This entry is bullshit. Scroll through it, if you know what’s good for you.
That “Day 52″ makes absolutely no sense, I don’t know why I keep doing it. Out of habit, when I started writing 750 words every day, about 2.5 years ago now. I start back at Day 1 when I skip a day, so that means the last time that that happened was 52 days ago. But it’s a stupid, arbitrary number. Well it’s not arbitrary, it’s counting the number of consecutive days, you idiot.
Exhausted these days. I’m under-caloried, trying to cut weight, dissolve the fat. This is the only way to do it, to be under-caloried. Here’s the rest:
Morning fasted workouts, low intensity steady-state exercise (LISS). So, brisk walking. Nothing that will get my heart rate up too high, or I’ll burn muscle instead of fat. Sometimes I feel like sweating so I’ll jump rope, but I’ll make sure to consume BCAAs to conserve muscle and lean tissue.
The problem with LISS is that although it’s effective in targeting only body fat, it’s inefficient in that walking burns way less calories than anything else. So it takes a lot of walking. Fortunately, I have the time.

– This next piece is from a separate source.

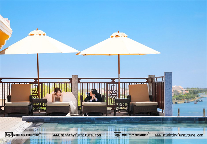 Little Riverside Hoi An . A Luxury Hotel & Spa Chọn Minh Thy Furniture cung cấp ghế hồ bơi nhựa giả mây

Today I did laundry next to the small gym in my apartment complex. One hour of wash, one hour of dry. For those two hours, I was walking and reading, getting shit done. Some stretching (I’m trying to regain my flexibility) and some ab work (but I’m not under the assumption that crunches do shit). I’m sure the receptionists downstairs are aghast at how long I spend in that gym. If they only knew about my evening workout…

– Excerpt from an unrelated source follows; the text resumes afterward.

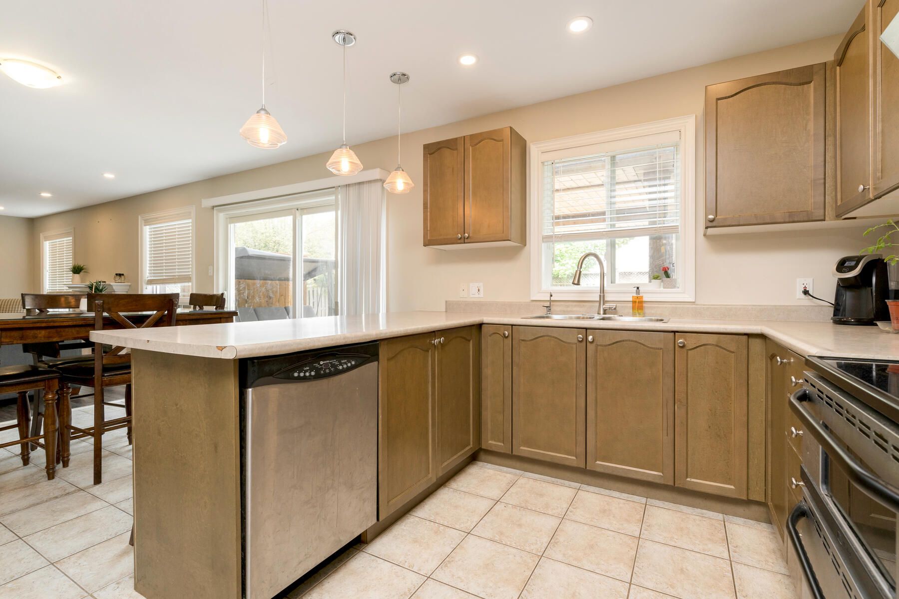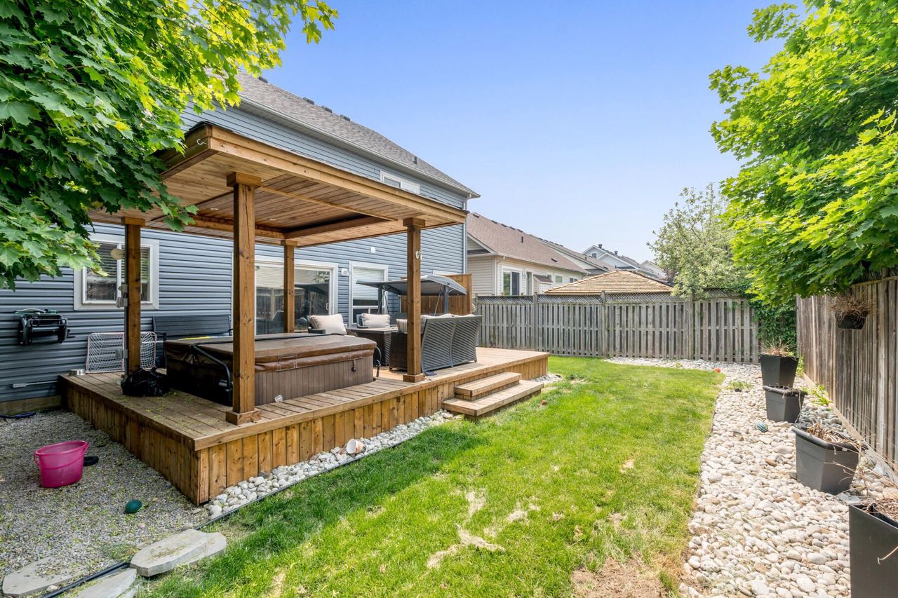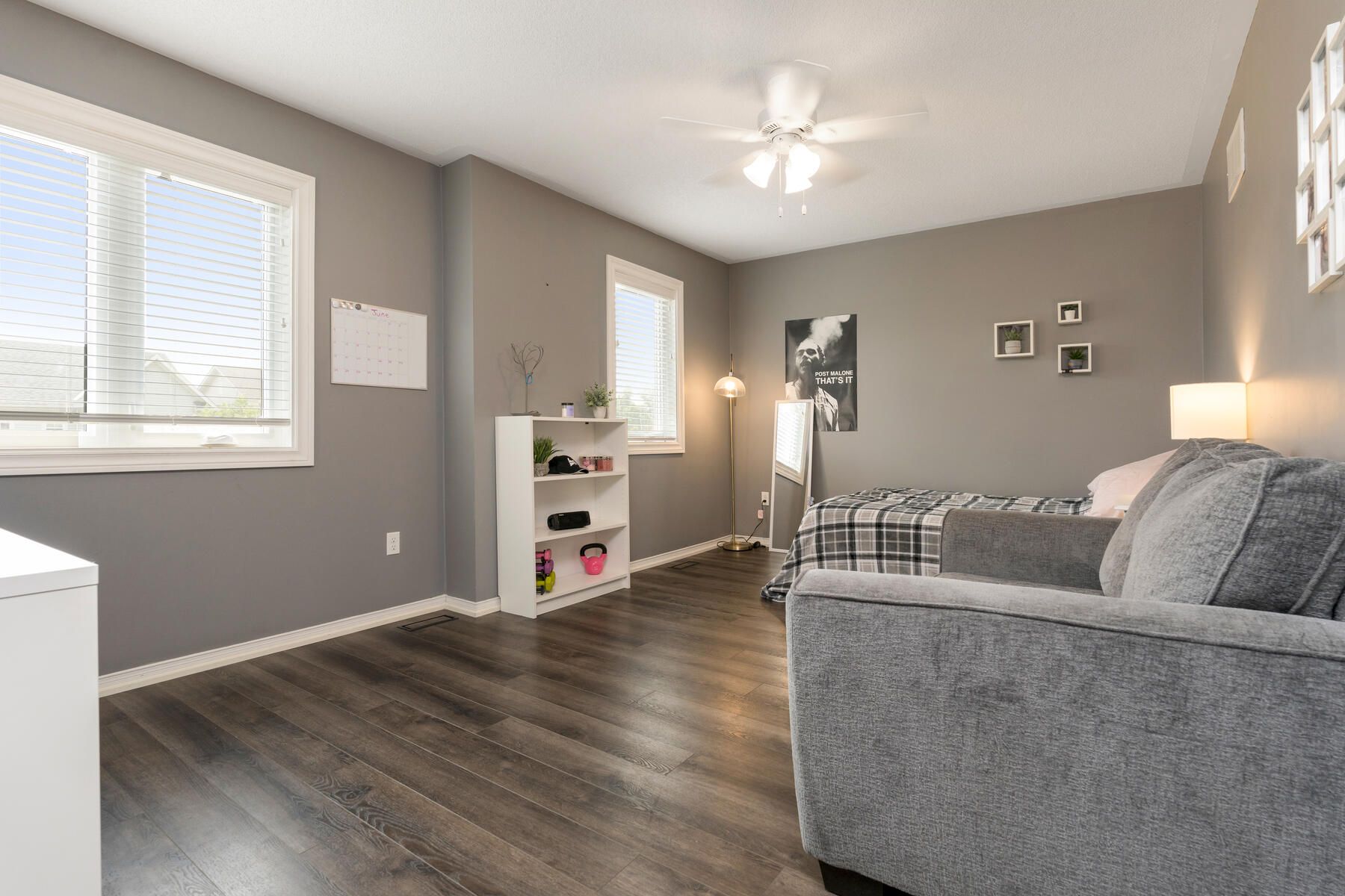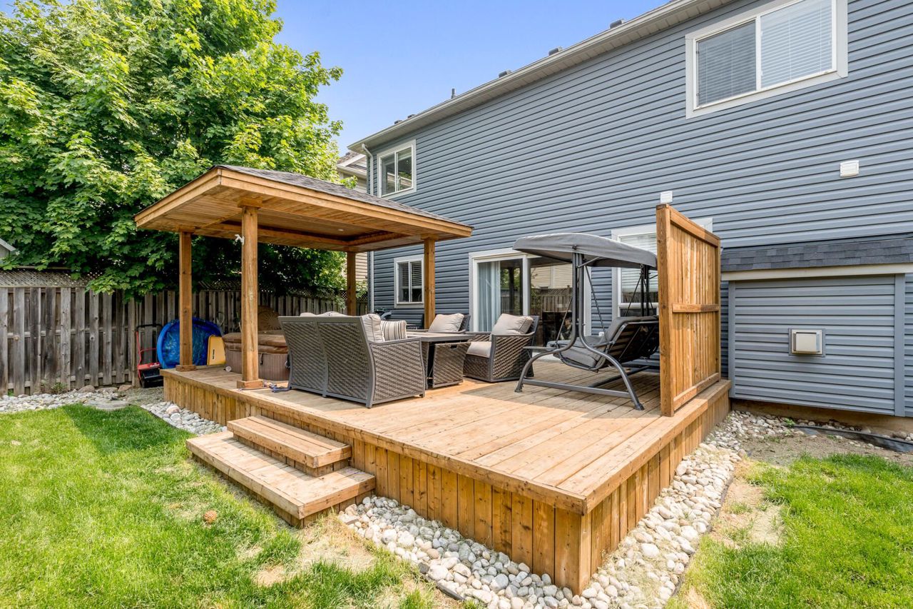 Large, family home in great neighbourhood! At 2,715 sq ft, this 5 bedroom, 3 bath home is the largest model in the subdivision. Nice curb appeal with newer siding & stone detailing plus newer garage doors & windows at the front. Covered front porch leads to spacious foyer. Open concept with large rooms- great for entertaining & everyday family life. Newer luxury vinyl floors are made to withstand kids & pets. Kitchen has stainless steel appliances & large breakfast bar. Also, on main floor- family room w/ gas fireplace, living room w/ bay window & separate dining room. Bright breakfast room leads out to the fully fenced backyard. Deck has privacy screen & built-in hot tub with a roof above it. Garage has convenient inside access to mud/laundry rm. Hardwood staircase. All 5 bedrooms are on the same level. Primary boasts 2 walk-in closets & huge ensuite with jetted tub and shower. Double sinks makes getting ready for work a breeze! Unfinished basement holds lots of potential......or just enjoy as-is. There’s a to-scale hockey rink painted on the floor! Walk, in just minutes, to schools, skatepark, playgrounds, arena, greenbelt nature trails & more! Don’t miss out- book your showing today!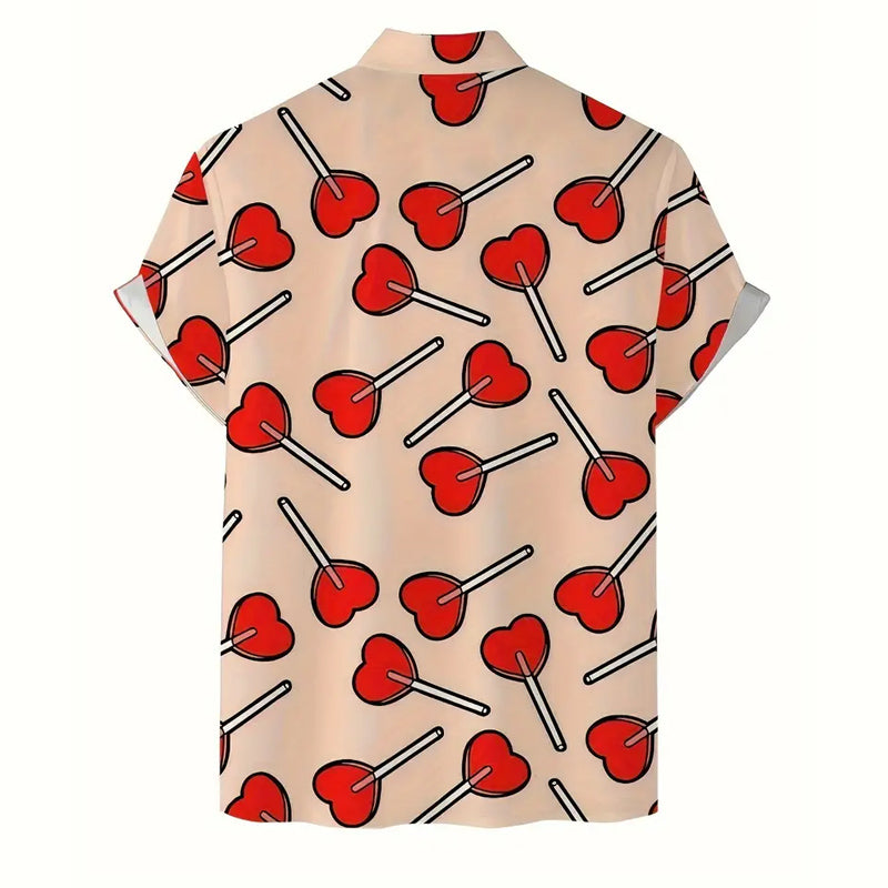 Men's Valentine's Day Love Heart Print Short Sleeve Shirt 2412007775

Every day I’ll fast for 16 hours. I’ll eat between noon and 8pm. More likely, between 1pm and 7pm. So that’s a 6 hour eating window, where I need to ingest ~1600 calories split between two meals. I don’t weight my food anymore, I just judge. Some days I’ll be way over (last night I ate two medium pizzas) and some days I’ll be waaaaaay under — which is terrible, but what can ya do.
Most days I’ll eat fast food. I’ll eat something junky. But there’s no such thing as junk food, there are only macronutrients. There are only proteins, fats and carb counts. And alcohol, but that’s a nightly occurrence so it’s always factored in.
IIFYM. That’s what I tell people I do. When they eat a grilled chicken caesar salad and I eat a Big Mac combo, I win: I know exactly the caloric, nutrient specs of the big mac combo, so I can adjust the rest of my meals of the day to squeeze it in (sometimes eating only once a day, like last night and the 2 pizzas). They, however, will probably undercount the calories and macronutrient ratio of the salad, and fuck up. Fuck the fuck up. And wonder why they’re not losing weight, and blame it on some strange, magical phenomena, and then take supplements.
Nope, it’s calories. That’s it. That’s always it.
Well, no, not always it. Not for men, who need muscle to look good. I love fit women, strong, muscular, vascular women with veins splaying across their abdomen — but for the most part, a thin woman looks good relative to a thin man. Thin men don’t look good, they look like Korean pop stars. With no testosterone, no facial hair, no “manliness.”
So we need to build muscle, or at least not lose most of it. So we need to eat. We need protein. We need to workout, weightlift, while on a caloric deficit. That’s what hurts, doing all of that and then trying to work, trying to write about gadgets for retirees. What tech baby boomers would need.
So I have protein shakes. I fridge full of 50 1.5L water bottles and a crate of 30 eggs. Chicken breast in the freezer. And a shitload of condiments to make it all taste good.
And it tastes good.
What do I do today? It’s 1:10pm, time for my first meal. But do I eat? Or do I pop some caffeine, yohimbine? I jumped rope this morning, so perhaps I should eat. Just an egg. Some dumplings? But I’m on a roll with the fat burning, might as well keep it up for a few more hours. I’m also going out tonight, drinks at a jazz bar, and if I know myself, that means 12 beers and a few glasses of wine. Right?
This is the hard part, socializing. I’m an introvert, usually, especially on Mondays. But tonight, gotta make it, she’s leaving in a few days and I gotta say bye.